Ecologists also reported other effects, such as
resistance to drought.
Recent years have seen challenges to the idea of plant-endophyte
mutualism.
Stan Faeth of Arizona State University in
Tempe, for example, reports that one of tall fescue's native
relatives,
Festuca arizonica, doesn't grow as
well when it houses one of the supposedly protective fungal
partners. He's found that the endophyte is usually a parasite rather
than a pal.
Even for some of the textbook mutualism cases, such as sleepygrass,
Faeth and his colleagues are raising questions, which he notes are
controversial.
"The hallmark of native endophytes and grasses is
remarkable variability," he says. "The agronomic grasses are
poor models and fail to capture the wide range of endophyte
interactions in nature."
In a recent example of his lab's work, the
researchers sampled 17 grass patches at distances up to about 600
kilometers from a patch of highly toxic grass in Cloudcroft, N.M.
How widespread the endophyte was - and its effects -
varied considerably, the researchers report in an upcoming
Journal of Chemical Ecology.

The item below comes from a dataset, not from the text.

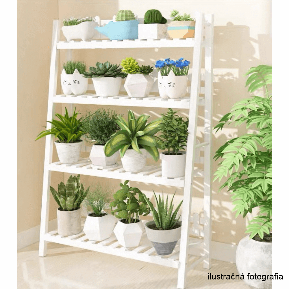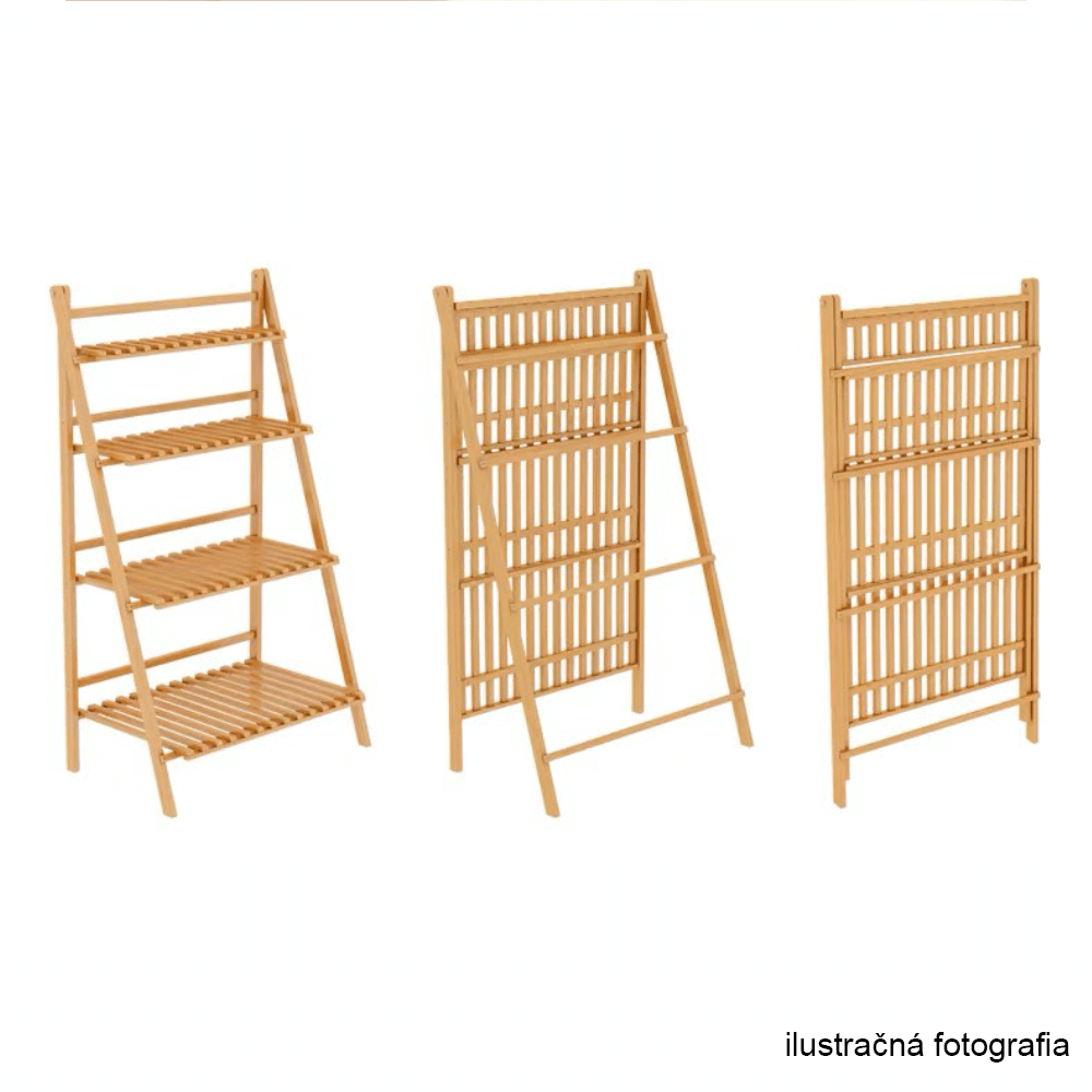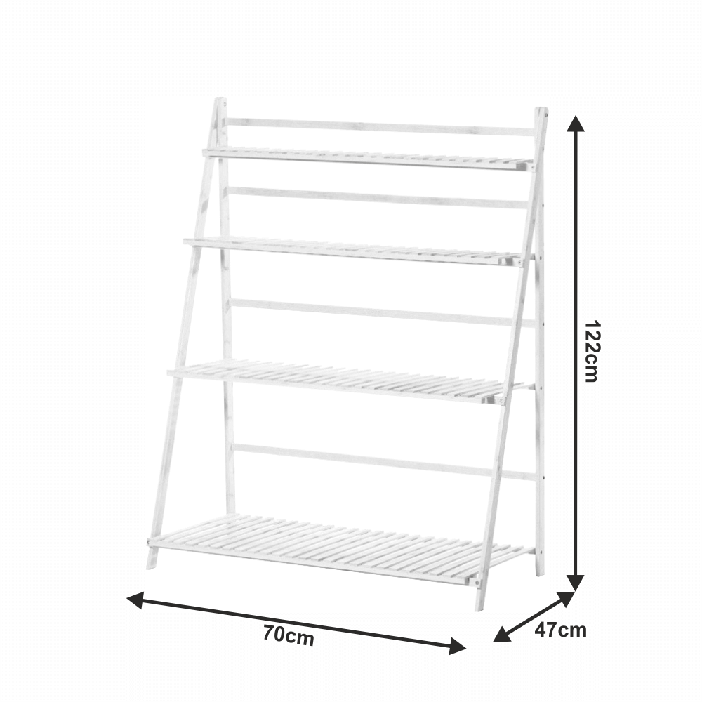 Materiál: bambusFarba: bielaRozmery (ŠxHxV): 70x47x122 cmNosnosť na policu: 10 kgŠtyri policeHĺbka vrchnej police: 14 cmHĺbka 2. police: 23 cmHĺbka 3. police: 33 cmHĺbka spodnej police: 43 cmSkladacíZložený nezaberie veľa miestaJeden pár rukavíc grátisVhodný do interiéru aj exteriéruSet ručného záhradného náradia grátisDodávané v demonte

They found that some patches of
grass in Colorado were thoroughly infected with the toxic grasses'
fungal species but had no antigrazing toxins.
So, Faeth asks, is the supposed mutualist earning its
keep?
Kari Saikkonen of MTT Agrifood Research in Turku, Finland,
suggests that by looking only at the grass and the fungus,
researchers have oversimplified the interactions. To better
represent the complications of the real world, he and his colleagues
set up a four-way laboratory interaction to see whether other
players could alter a grass-fungus interaction.
In the lab, the researchers let a plant in the snapdragon family,
the greater
yellow-rattle, attack a
fungus-bearing meadow rye grass. Yellow-rattle sneaks suckers over
to the roots of other plants and steals sap.
When yellow-rattles parasitized grass that carried an antigrazing
fungus, the researchers found that the parasite took up the fungal
defensive toxins along with other goodies from the plant.
In the presence of both yellow-rattle and aphids, the
ryegrass with the toxic fungus didn't do as well as ryegrass without
the fungus did. In this setup, fungus looked like a burden to the
ryegrass, the researchers reported in the Dec. 2005 Ecology Letters.
If a fungus can tweak predators of neighboring plants, can its
effects ripple up a food chain?
When researchers at the University of Zurich herded
cereal aphids onto fungus-bearing ryegrass, the ladybird beetles
that fed on the aphids failed to thrive and didn't reproduce well.
Jochen Krauss and his colleagues describe that
experiment in an upcoming Proceedings of the Royal Society B.
Beyond grass
Scientists have in recent years turned to the fungi in plants other
than grasses.
In 2003, Arnold and her colleagues presented the
first strong evidence of fungal-pest fighting by natural endophytes
in a nongrass plant, wild cacao (SN: 12/13/03, p. 374).
The myriad fungi in tree leaves might create a defense system,
suggests Edward Allen Herre of the Smithsonian Tropical
Research Institute in Balboa, Panama. The abundance of fungi with
their differing powers of interaction similarly increase the odds
that for any no-good intruder, there's already an antagonist on
hand.
Herre is working to manipulate such fungi to fight diseases of
cacao. He says that he's getting promising preliminary results from
a field test applying extra endophytic fungi.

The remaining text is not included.